Меня когда-то изумляла Ирочкина способность мгновенно становиться чужой. В этом смысле она была женщиной без прошлого. Она сама о себе говорила: «Я женщина, у которой всегда все впереди». Сегодняшняя Ирочка не то чтобы была для меня тайной. Просто я не представлял, не ведал, как она живет.

«А когда, собственно, ведал?» — вдруг посетила неожиданная мысль. Припомнились случайные строчки из прочно забытого стихотворения: «Что вспомнил ты в саду осеннем — лето? Зачем? Что минуло, не возвратишь — ни блеск очей, ни суету теней, ни мокрую листву нагих воспоминаний».

Именно давнее лето я и вспомнил, когда забирался на чердак, смотрел в круглое, похожее на иллюминатор, окошко, как Ирочка копошится в огороде, рыхлит землю под кустами и цветами. Она всегда была труженицей, но в то лето меня волновали другие ее достоинства. Как я ликовал, когда замечал, что она бросает взгляды в сторону нашего забора! В те дни в каждой Ирочкиной фразе, в каждом жесте, движении я видел тайну, которая и казалась совершенством.
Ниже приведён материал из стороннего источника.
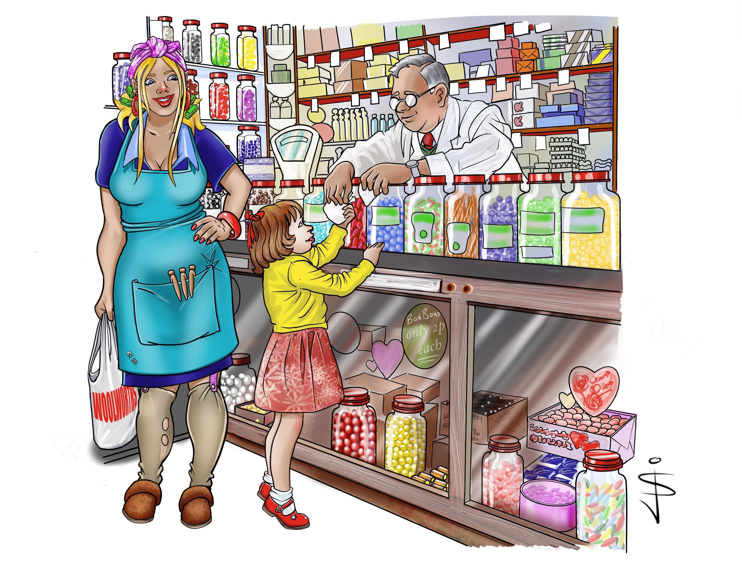 Pinnie Hinnies Sweet Shop mount print 12ins x 10ins
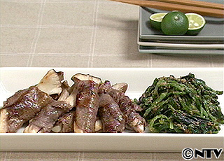 牛肉は下味をまぶした面が内側になるようにエリンギに巻きつけます(小麦粉はのりの役目)。

В то лето над Расторгуевом бушевали грозы, как перед великим потопом. После каждого удара грома хотелось падать на колени перед Ирочкой. Яркая молния, как фотовспышка, освещала Ирочкину веранду, стекла, по которым бежала вода, трясущиеся яблони в саду, ржавую плюющуюся бочку на крыльце, где частенько тонули несчастные птицы. А потом снова все проваливалось в ночь — шум дождя, капельная дробь в стекло, белое Ирочкино лицо, черные губы. Почему даже сейчас я ощущаю вкус клубники, когда думаю об Ирочке?

Хорошее было лето. В перерывах между грозами воздух изумлял ночной прозрачностью. Я одурел от счастья, встречаясь с Ирочкой, нес околесицу. Стихотворение написал, где были строчки: «Люблю тебя, как ветер, что сбивает с ног и тащит по земле лицом о камни». Кажется, хотел дать прочесть Ирочке, но случайно оставил под яблоней на скамейке. Прошел дождь, листок размок, расползся.

Асфальтовые дорожки дачного поселка были усыпаны белыми лепестками. Я жил в жасминовом удушье. Нервничал, переживал, когда Ирочка задерживалась на работе, приезжала поздно.

Каждый вечер поджидал ее на перроне. Было темно, только в подъезжающих электричках горели окна, желтые квадраты света ложились на перрон. Ирочка бесшумно шла, наступая на желтые квадраты, я курил под перекидным мостом, руки дрожали, сердце билось. Ибо уже было доверено Ирочке сокровенное, уже прочитала она рассказ, где описывалось, как девушка не пришла ко мне на свидание, как я печально и одиноко иду по Невскому, загребая ботинками лужи.

— Детский лепет, — поморщилась Ирочка. — Ты не представляешь себе, как это плохо, а главное — пошло.

Я угрюмо забрал листочки.

— Пиши-ка лучше заметки, — посоветовала Ирочка. — Сунься на факультет журналистики. Вдруг проскочишь? Дурачкам иногда везет. Займись чем-нибудь, это лучше, чем страдать, что никто не приходит на свидание. Тем более… Сейчас-то тебе чего страдать, а?

Она позволяла себе такой тон, потому что, во-первых, была на пять лет старше, во-вторых, давно работала в журнале, публиковала там уже не заметки, а статьи и очерки. А мне недавно исполнилось семнадцать, я был никем и ничем, да и не сказать чтобы очень уж к чему-то стремился. Этого-то Ирочка в людях, особенно в мужчинах, не переносила. Но я понял это позже.

— Так! — говорила она, изучив очередную заметку.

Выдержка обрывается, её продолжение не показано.